Ce n’est en revanche pas le cas lorsque l’opération d’économies d’énergie s’effectue dans un équipement différent de celui qui fait l’objet d’un changement de combustible.

15 – L’apparition chez plusieurs acteurs de cette pratique depuis le début de l’année 2022 conduit à la question suivante : dans quelle mesure et à quelles conditions est-il possible de facturer des services en lien avec la réalisation d’opérations d’économies d’énergie, en particulier dans le cadre d’opérations faisant l’objet de bonifications Coup de pouce ? (01/07/2022)
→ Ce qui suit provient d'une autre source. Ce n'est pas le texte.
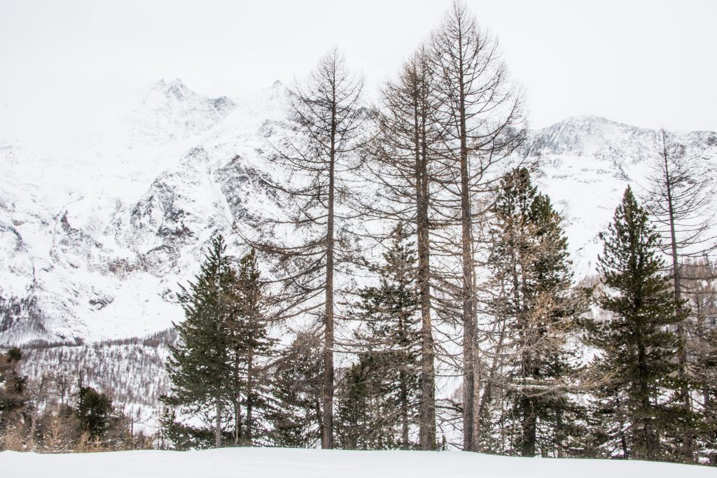 A part nous, il n’y a personne ! Pas un bruit, c’est le silence absolu. Je respire au plus profond de moi-même plusieurs fois ! J’avale ce grand bol d’air pur, qui me rappelle combien j’ai de la chance d’être ici. De profiter de cet instant unique. Les arbres et les roches sont tous vêtus de blanc. Les paysages sont tout à fait splendides. Pour mes débuts en ski de randonnée en Suisse à Saas-Fee, je trouve que ça commence plutôt bien !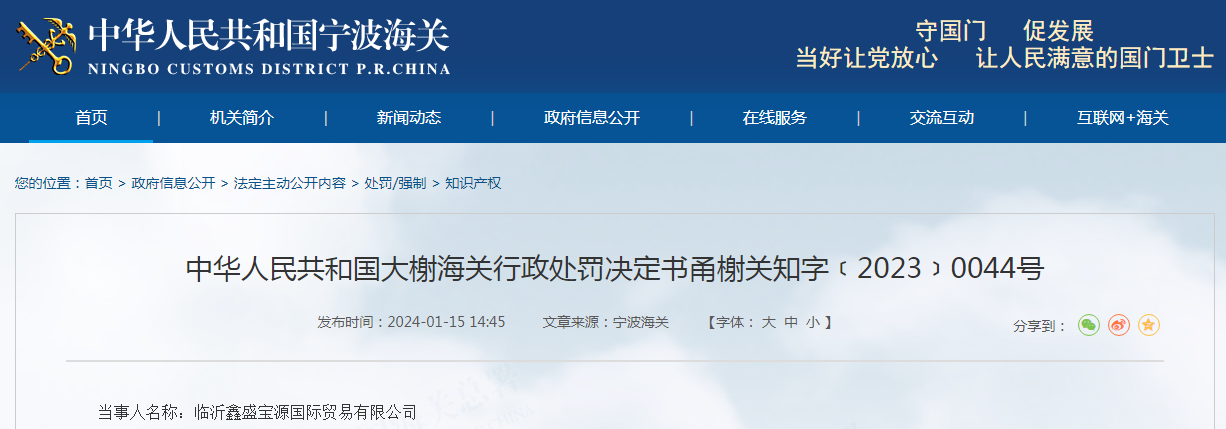 當(dāng)事人名稱(chēng):臨沂鑫盛寶源國(guó)際貿(mào)易有限公司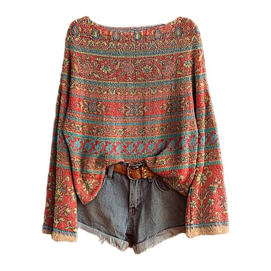 Женский осенний свитер с круглым вырезом и длинным рукавом, винтажный пуловер оверсайз, этнические графические вязаные топы для повседневной носки — купить товар онлайн с бесплатной доставкой по всему миру!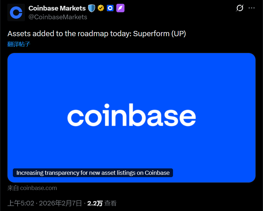 深潮 TechFlow 消息,2 月 7 日,据官方公告,Coinbase 今晨宣布将 Superform(UP)加入上币路线图,满足相关条件后将另行公布具体上线时间。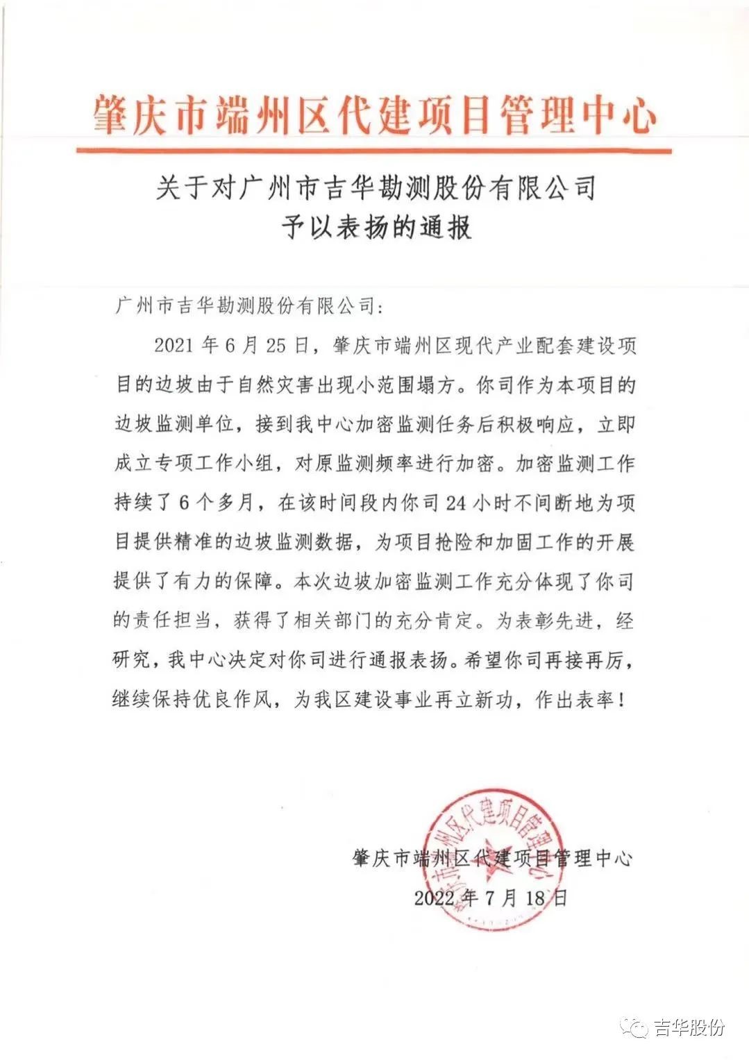 近日,公司受到肇庆市端州区代建项目管理中心通报表扬,通报中甲方充分肯定了188app金宝搏网页登录在端州区现代产业配套建设项目边坡抢险中的应急监测服务。

La facturation, au bénéficiaire d’une opération d’économies d’énergie (qu’il s’agisse d’une personne physique ou d’une personne morale), d’éventuels frais liés à la réalisation d’une opération aidée par les CEE est possible dès lors qu’elle respecte les différentes règlementations notamment relatives aux pratiques commerciales. Les documents relatifs à la publicité, à la promesse (hors cadre contribution), à la contractualisation et au versement de l’incitation financière doivent alors clairement mentionner ces frais et mettre en avant l’incitation financière nette des frais liés à ces services.

Ces services doivent dans ce cas être :

  • clairement identifiables par le bénéficiaire,
  • additionnels par rapport aux obligations découlant de la réglementation CEE pour les demandeurs de CEE.

Il est également éminemment souhaitable que ces services soient optionnels.

Le paiement de tels services par le bénéficiaire peut s’effectuer en déduction du montant de l’incitation financière versée au titre de l’offre Coup de pouce, sans préjudice d’autres règles, notamment relatives à la TVA. Le montant de l’offre Coup de pouce et le prix du service, ainsi que le caractère optionnel ou non de ce dernier, doivent être clairement et séparément identifiés sur les documents relatifs à la publicité, à la promesse (hors cadre contribution), à la contractualisation et au versement de l’incitation financière.

Les frais liés aux obligations découlant de la réglementation CEE pour les demandeurs de CEE sont par ailleurs retranchés avant présentation au bénéficiaire d’un montant d’incitation financière net, lequel montant figure dans le cadre contribution. Dans le cas d’une opération s’inscrivant dans le cadre d’une charte « Coup de pouce », cette incitation financière nette est supérieure ou égale aux niveaux minimaux prévus par la charte.